> [What is expected] In the entries that follow, repeat exactly the lines from the one that has "Papete feminina tiras" through the one that has "Claim Your Own", but omit pictures.

> [Given entries]
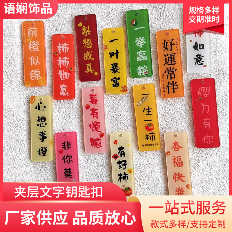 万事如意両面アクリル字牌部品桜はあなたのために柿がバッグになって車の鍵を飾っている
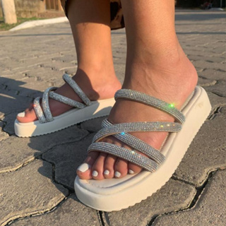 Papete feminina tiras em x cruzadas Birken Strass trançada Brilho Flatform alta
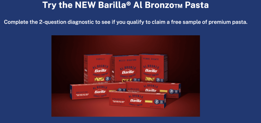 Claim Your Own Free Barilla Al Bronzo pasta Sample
* * *
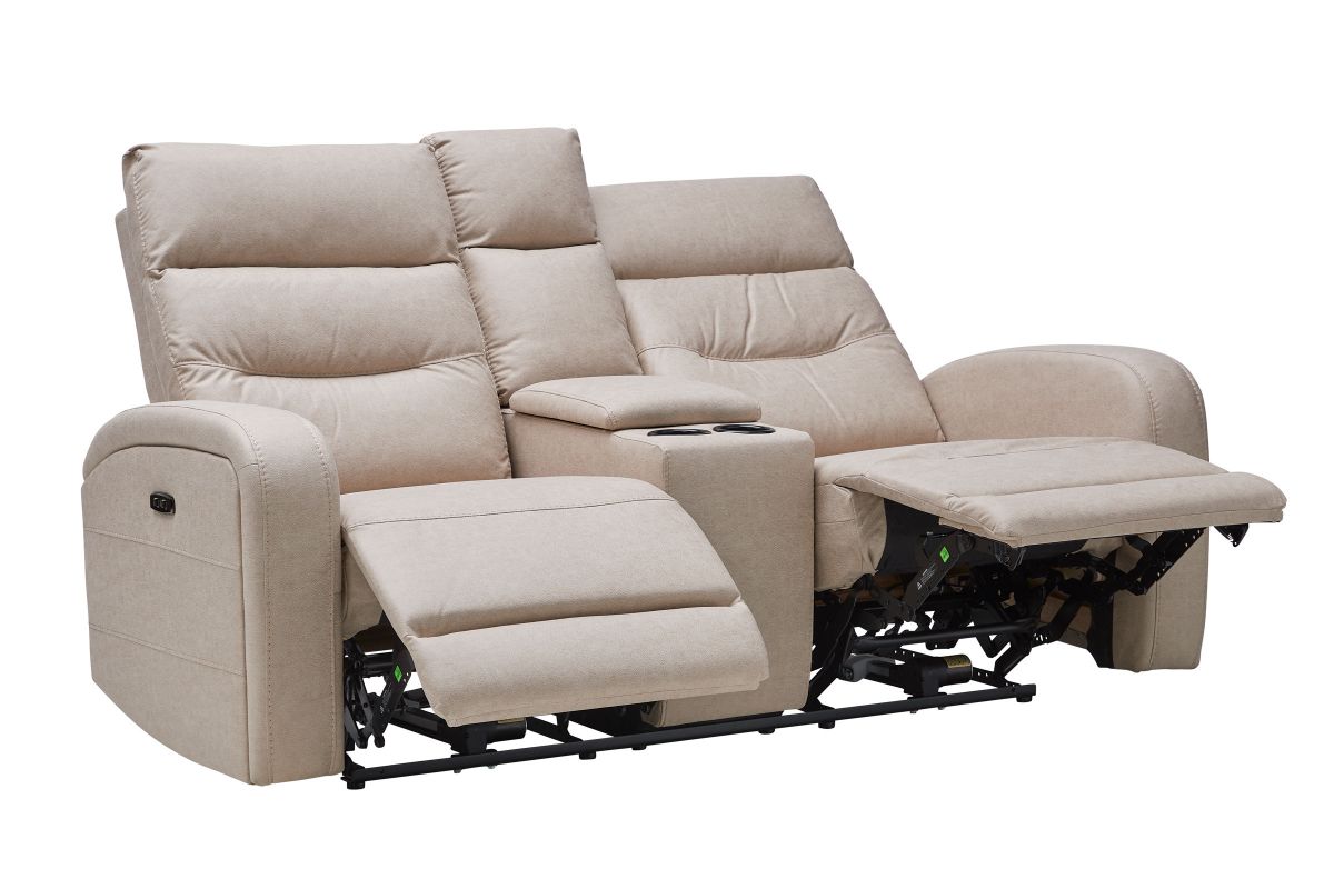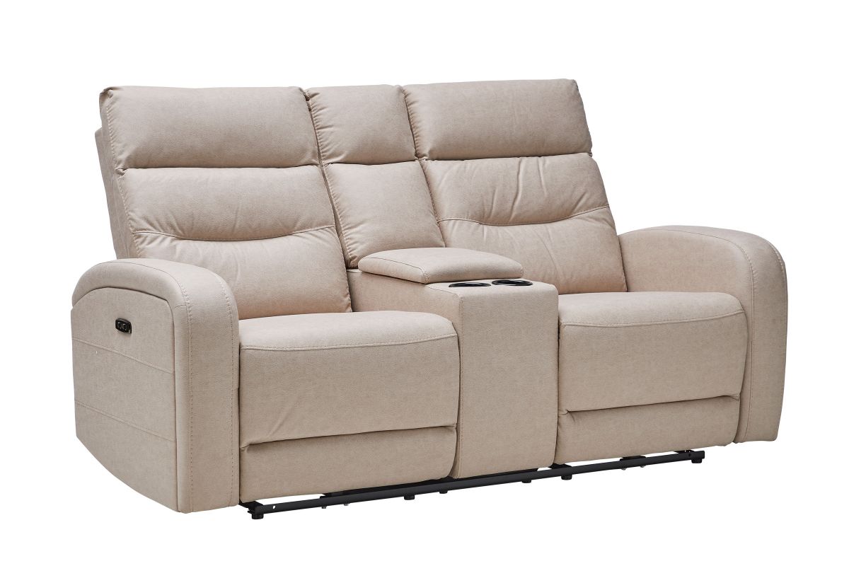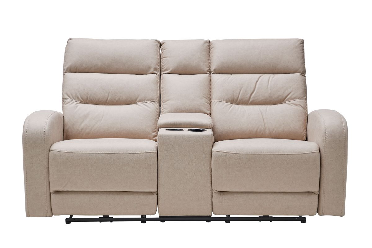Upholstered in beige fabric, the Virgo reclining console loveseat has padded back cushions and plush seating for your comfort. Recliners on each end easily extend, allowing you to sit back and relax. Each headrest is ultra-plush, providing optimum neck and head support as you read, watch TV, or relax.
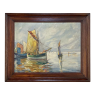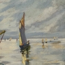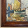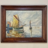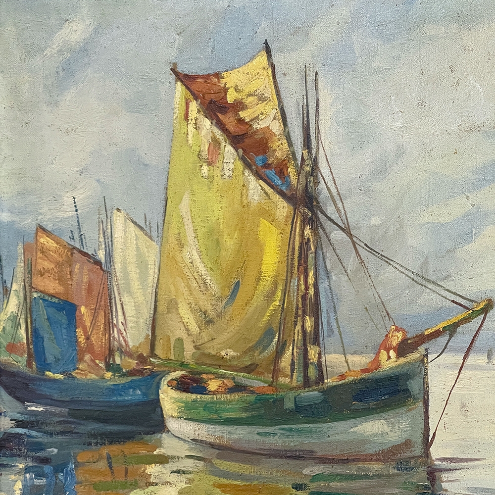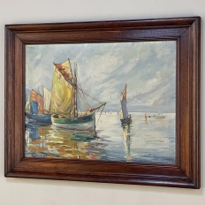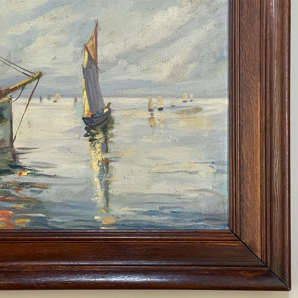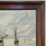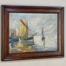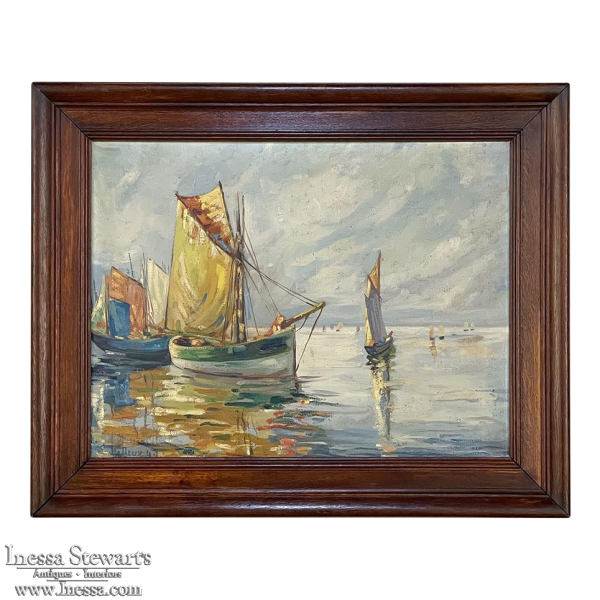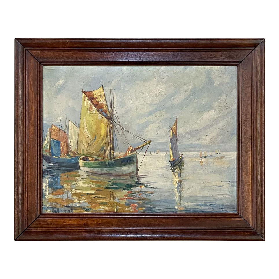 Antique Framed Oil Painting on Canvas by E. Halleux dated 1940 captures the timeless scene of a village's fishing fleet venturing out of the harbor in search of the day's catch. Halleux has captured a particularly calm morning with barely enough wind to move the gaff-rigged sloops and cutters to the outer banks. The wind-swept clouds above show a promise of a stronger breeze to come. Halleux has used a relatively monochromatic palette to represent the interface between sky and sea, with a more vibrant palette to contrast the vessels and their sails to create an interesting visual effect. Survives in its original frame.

> [Response area]
 Papete feminina tiras em x cruzadas Birken Strass trançada Brilho Flatform alta
 Claim Your Own Free Barilla Al Bronzo pasta Sample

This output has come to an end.